If you can be twenty years old and yet look deceased, Wynkle King fitted the bill. I had never seen him up close – maybe I had never actually seen him at all, but just had stories of him from Jas. Just knew the name but not the owner of it. It was a moment made odder by the fact that he must have lifted me off the wagon road and what – laid me across his horse? I just didn’t know. And had the mule lingered near me when I fainted? He was a tender-hearted mule, I knew, so I hoped he had.
‘I just looking for Wynkle King, wanted to ask him something,’ I said.
‘I Wynkle.’
‘I would like to take this opportunity, sir, to thank you for saving my life.’
‘I never saved your life,’ he said, looking inclined to close the door again.
He was eyeing me up and down like he wanted to ask, why you dressed like a jackass boy?
‘Didn’t you find me up on the road and bring me down to Jas Jonski?’
‘No.’
‘That were me,’ said a voice from inside the room.
‘That were you?’ I said. ‘Who?’
I peered in. There were two windows running the front of the house so there was plenty of light.
‘That were me, I guess,’ said a man within. ‘You was wearing a yellow dress on that occasion.’
‘That right,’ I said. ‘So you – you ain’t Wynkle King?’
‘I Wynkle,’ he said.
CHAPTER FIFTEEN
‘He’s my pa,’ said the younger Wynkle with his dead face.
‘Oh,’ I said, nonplussed.
Then, as if he wished to attest to his bladder’s fame, he left the room in a rush – I heard the tinkle of piss in some hidden receptacle – and all the while myself still puzzling.
But maybe Jas Jonski never did say which Wynkle King brought me, and maybe come to think of it Colonel Purton never said which Wynkle King was a confederate and accomplice of Zach Petrie.

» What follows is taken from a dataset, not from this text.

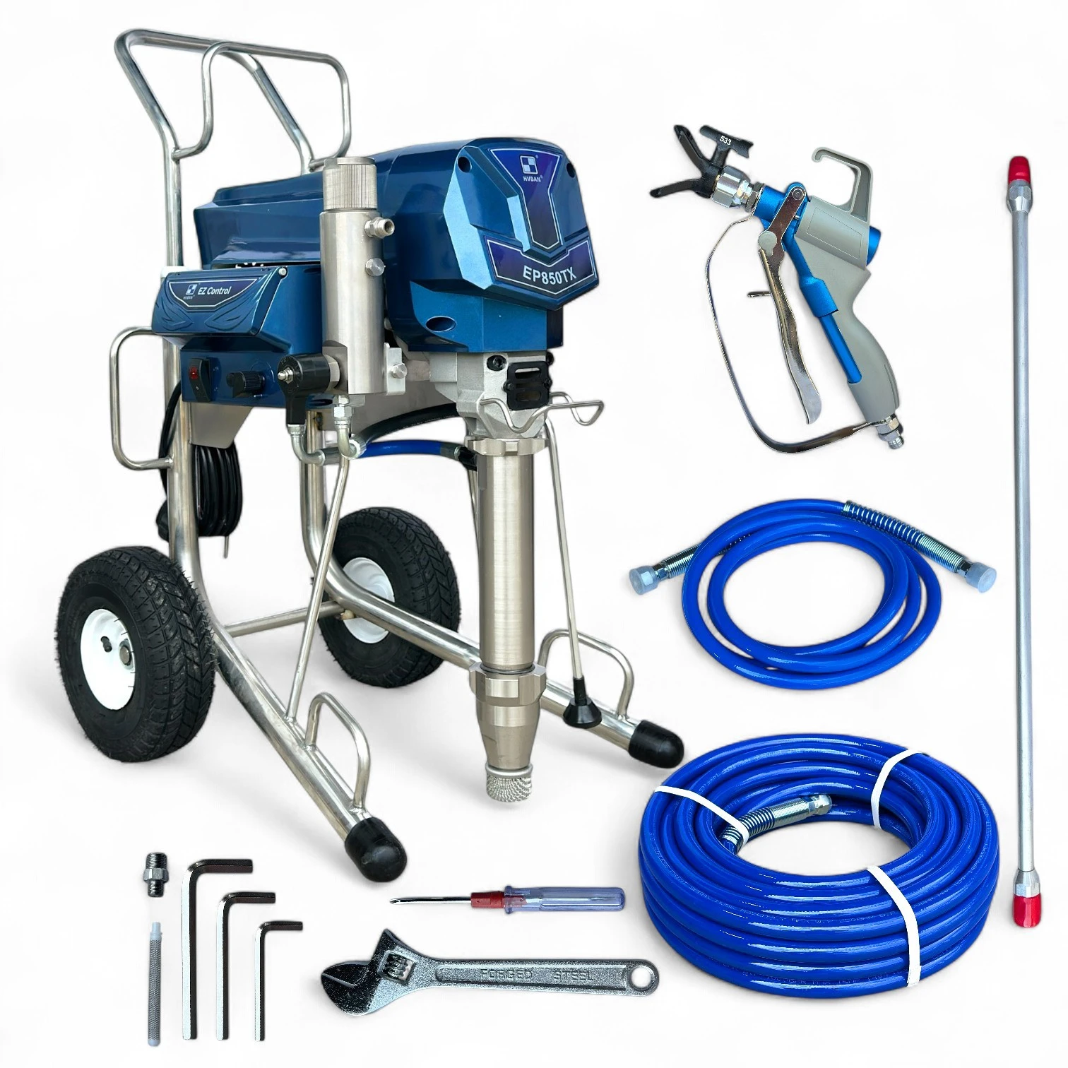 Безповітряний фарбувальний апарат HVBAN EP-850TX — це потужний і надійний професійний інструмент преміум-класу, оснащений поршневим насосом збільшеного діаметра та високопродуктивним вхідним клапаном, який ефективно наносить широкий спектр високов’язких матеріалів, таких як вогнезахисні засоби, гіпсові та акрилові шпаклівки, гідроізоляція, рідка гума, фарба, клей для стеклохолста та інші густі будівельні суміші, що робить його ідеальним вибором для будівельних бригад, професійних малярів і спеціалістів на складних промислових та приватних об’єктах будь-якого рівня складності.

Both Wynkle Kings I can confirm lived in the same level of dirt and dereliction because the room lacked a woman’s touch. A bear might have lived cleaner in it.
‘How you know to bring me to Jas Jonski?’ I said, before I could think better of it.
‘You told me, you darn fool,’ said the reverend.
‘I told you? I don’t remember.’
‘You said it, Jas Jonski, Jas Jonski, you said, and I said to myself, that’s Wynkle’s good friend works at Mr Hick
s’s. So. I obliged you. You were in a bad way, missy.’
The younger Wynkle came sheepishly back, blushing as red as a fall apple.
‘Was my mule nearby on the road?’ I said.
‘He was.’
‘Was there a Spencer rifle in a holster?’
‘There was.’
‘And do you mind if I ask you where it might be now?’
‘I took it for taxes.’
‘You took Tennyson’s rifle? Ain’t you a reverend?’
‘You meaning Tennyson Bouguereau, that likely shot Tach Petrie?’
‘He didn’t shoot Tach Petrie.’
‘How you know?’
‘Because I was there.’
‘So you shot him maybe?’ He laughed at my silence. ‘If I had known you were connected I wouldn’t have carried you to Jas Jonski, no, sir.’
Oh, this was not going good – or in any direction I had hoped. First there were two Wynkles, which was awkward enough. But also the reverend had leaped on Tennyson’s name. And if Aurelius Littlefair had struck down Tennyson – which he had, according to this very witness – whether because he knew about Jas Jonski’s embarrassment, or just to settle an old score while he had him handy, or just because he was a freedman, well, here was a bosom pal of Aurelius Littlefair. I felt the danger of that powerfully. Had I really expected to walk up to this door and be given the rifle with a thank you and farewell? Looked like I had. Especially when I had thought it was just a weedy boy involved.
‘Give me that gun,’ I cried.
He laughed again: ‘It ain’t here, missy. I sold it. To Zach. I sell everything.’
And he indicated with an opening gesture of his right hand and a dipping turn of his head the utter emptiness of the room.
The younger Wynkle looked from his father to me, and from me to his father.